Taken together, these results suggest that “PBC analysis can provide a very early prediction of outcome, correlates with treatment intensity and disease subset, and may support studies of customized AML therapy,” the authors concluded.

However, the implications of this study are limited by the lack of individual LAIP re-assessment in bone marrow samples at the time of response examination and MRD analysis and by the lack of clinical action taken based on LAIP results. Another limitation, according to Dr. Mannelli, concerns the correlation of PBC with MRD, which is widely recognized as an essential post-treatment parameter for measuring response in AML. “We could not assess this issue because MRD data were not included in the patient cohort of the NILG trial,” he said. “We are working now with data from a different series, and we hope to publish these findings soon.”

Dr.
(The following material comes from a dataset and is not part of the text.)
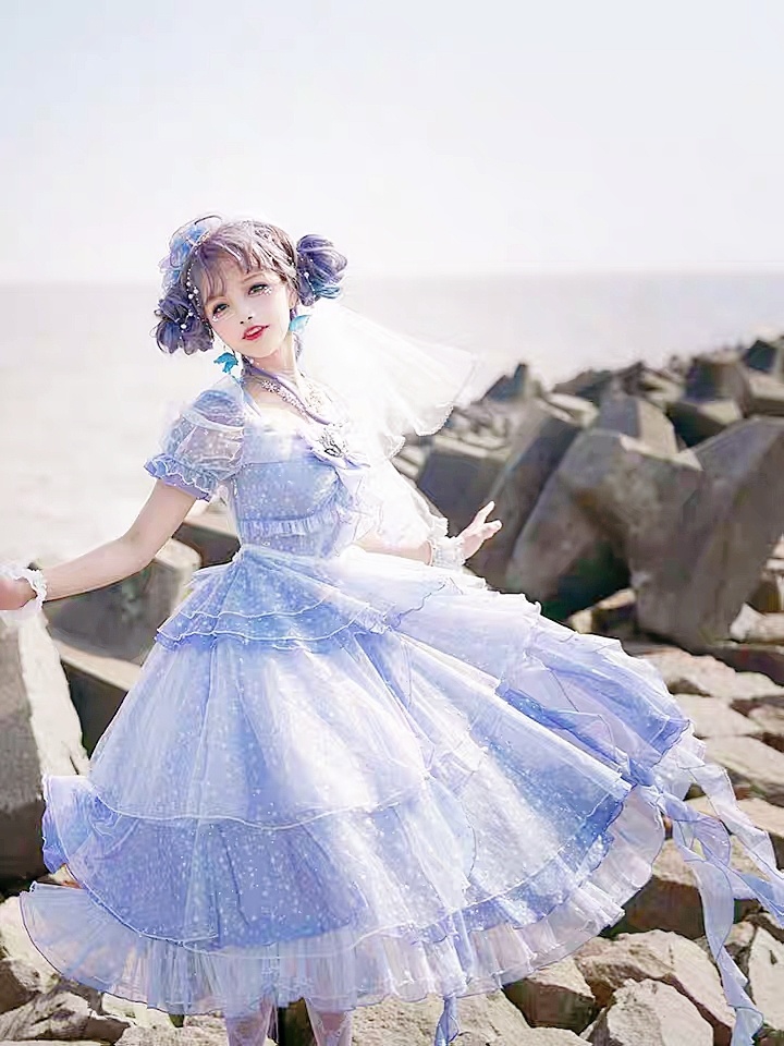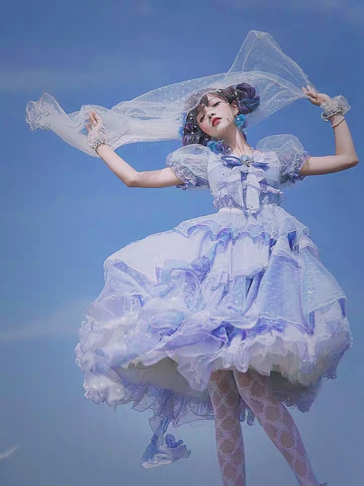 深海少女 色彩层次丰富,晶莹的蓝紫色♥#好看的小姐姐# #安利# #洛丽塔# #lo裙#

Manelli added that researchers also are planning to launch a multicenter trial that will evaluate outcomes of induction treatment modified on the basis of PBC results; if a patient has PBC findings predictive of poor response to standard induction, they will immediately be switched to an intensified induction regimen consisting of high-dose cytarabine.

The authors report no relevant conflicts of interest.


Gianfaldoni G, Mannelli F, Intermesoli T, et al. Early peripheral clearance of leukemia-associated immunophenotypes in AML: centralized analysis of a randomized trial. Blood Adv. 2020;4:301-311.